Ma perché proprio Manfredonia? In Italia, nella primavera del ’40, si cercarono luoghi “idonei” a realizzare campi di concentramento. Anche in provincia di Foggia ci furono alcune ispezioni. Si vagliò dove stabilire un secondo campo, oltre quello già attivo delle Isole Tremiti. A Manfredonia s’individuarono due possibili ubicazioni: “Villa Rosa”, località Scaloria, per 160 persone, e il “Macello” comunale appena ultimato, che con opportune modifiche poteva ospitare 300 persone. Fu anche ipotizzato l'utilizzo di un convento di Sannicandro Garganico, di proprietà comunale, che poteva contenere 150-180 unità.
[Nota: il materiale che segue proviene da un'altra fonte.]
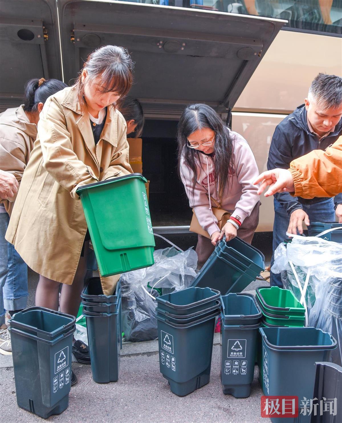 10月31日,活動(dòng)主辦方向荊州市沙市區(qū)解放街道十方庵社區(qū)南湖小區(qū)的居民代表發(fā)放“兩桶一袋”(極目新聞?dòng)浾?黃志剛 攝)

Un'ulteriore inchiesta fu effettuata per vedere dove si potessero collocare altre “persone pericolose”. Da un rapporto di polizia risultarono le seguenti disponibilità: 2 posti a Casalnuovo Monterotaro, 20 a Castelnuovo della Daunia, 3 a Celenza Valfortore, 4 a Pietra Montecorvino, 2 a Rocchetta Sant'Antonio, 5 a Roseto Valfortore, 4 a Volturara Appula, 5 a San Marco La Catola. La scelta definitiva cadde su Manfredonia, soprattutto perché la città era ben collegata via mare con Tremiti. Il Comune non voleva che il suo “macello" fosse utilizzato come campo di concentramento, ma l'Amministrazione dello Stato impose d'autorità la nuova destinazione d'uso, lasciando al Comune solo la possibilità di decidere l'entità dell'affitto.